JC, on the Rambus / Intel agreement, I gave a bad link from the register, nasdaq.com apparently changed something. Here is the direct link to the relevant Rambus IPO filing at the SEC: sec.gov The Intel/Rambus agreement is at the bottom of this really long file, under "SEMICONDUCTOR TECHNOLOGY LICENSE AGREEMENT BETWEEN INTEL CORPORATION AND RAMBUS INC." Relevant section is 9.2 (b), quoted once more here for posterity.

(b) Rambus, at its option, may, in addition to any other
remedies it may have, terminate this Agreement on written
notice to Intel if: . . .

(iv) at any time between January 15, 1997 and the Success
Determination Date, Intel communicates to any of the
then current top ten (10) DRAM manufacturers that Intel
has plans to support, as the primary DRAM for PC main
memory applications for the years 2000, 2001 and 2002,
any New Interface other than the Rambus-D Interface
Technology; or

(v) at any time between January 15, 1997 and the Success
Determination Date, the Intel senior member attending
the quarterly Rambus/Intel executive meeting, upon
Rambus' request, does not represent to the Rambus
officers attending such meeting that the Rambus-D DRAM
will be the primary DRAM for PC main memory
applications for the years 2000, 2001 and 2002.

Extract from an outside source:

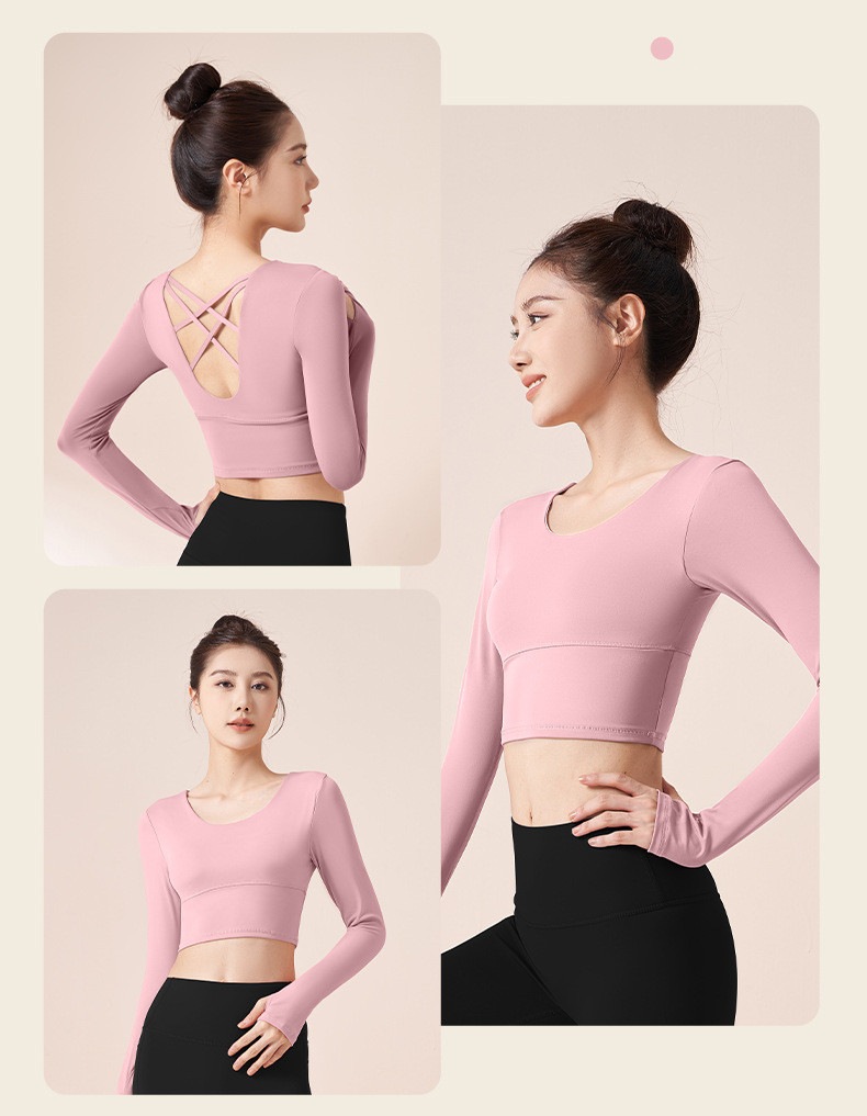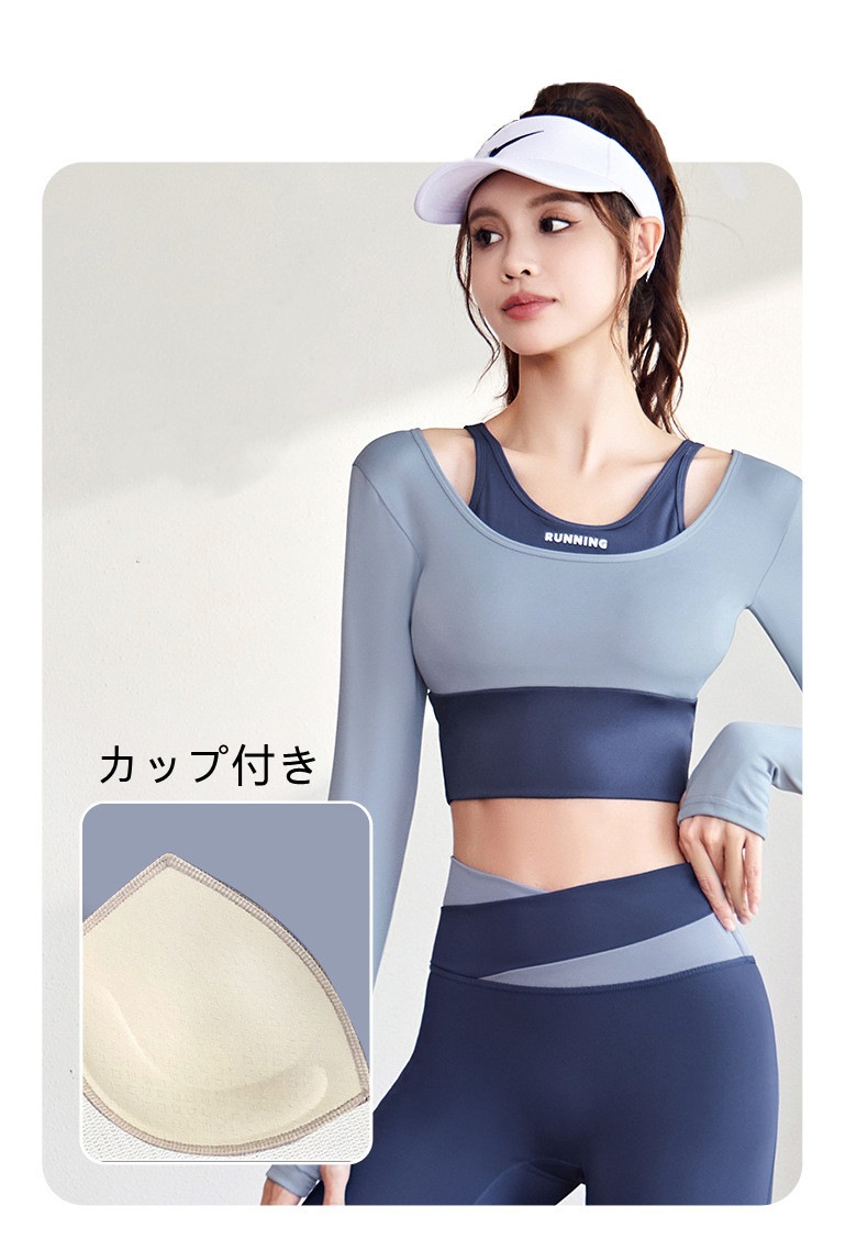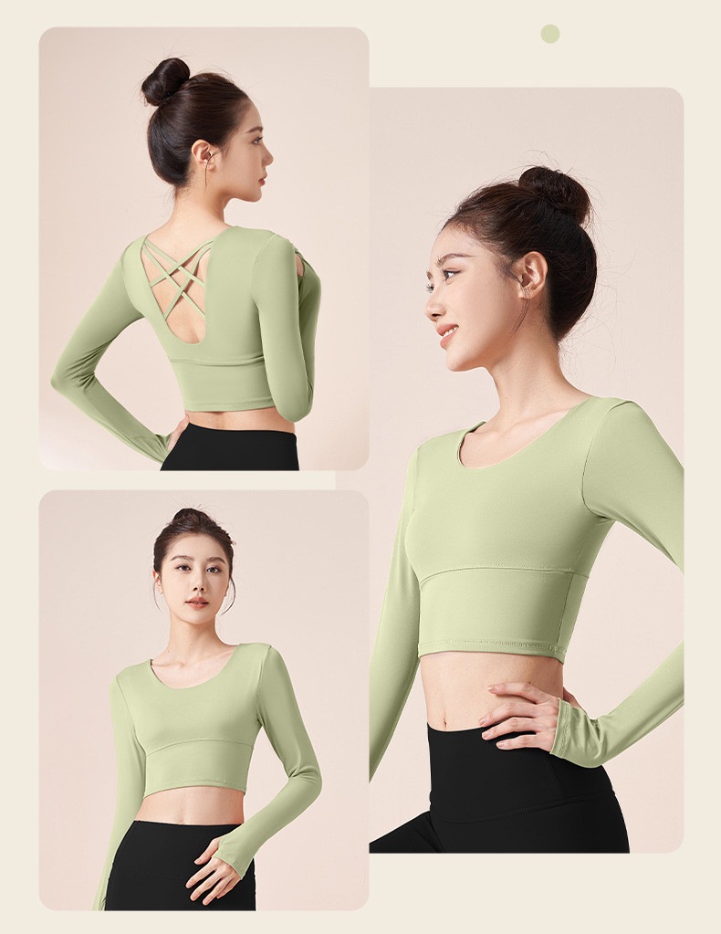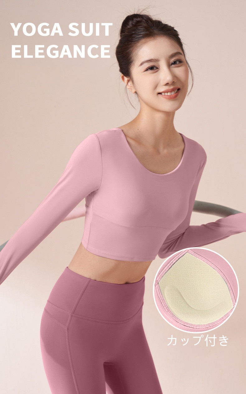 ヨガウェア 長袖 カップ付き 指穴 ヨガ トップス レディース ショート丈 クロップド丈 トレーニングトップス ピラティスウェア かわいい フィットネス ヨガトップス

(i) For purposes of this Subsection (b), "New Interface" means
any interface for PC main memory applications, other than
main memory interfaces on IntelOs chipsets shipped prior to
the second calendar quarter of 1998, and evolution of such
main memory interfaces extending therefrom. Any DRAM
interface which provides greater than one (1)
Gigabyte/second/device bandwidth is considered a New
Interface.


There may be other goodies in that file for anybody who cares to read it, but there are also various "Confidential treatment requested" elisions, so the really good stuff may be missing. But once again, I think it's fairly ridiculous to refer to this agreement as a "rumor". Maybe Intel can do a DDR chipset and just not "communicate" that fact to "any of the then current top ten (10) DRAM manufacturers".

Cheers, Dan.

PS: on warrants, the argreement was for Intel to get 1 million shares at $10 a share, equivalent to 4 million at $2.50 a share now. The conditions are fairly improbable, though.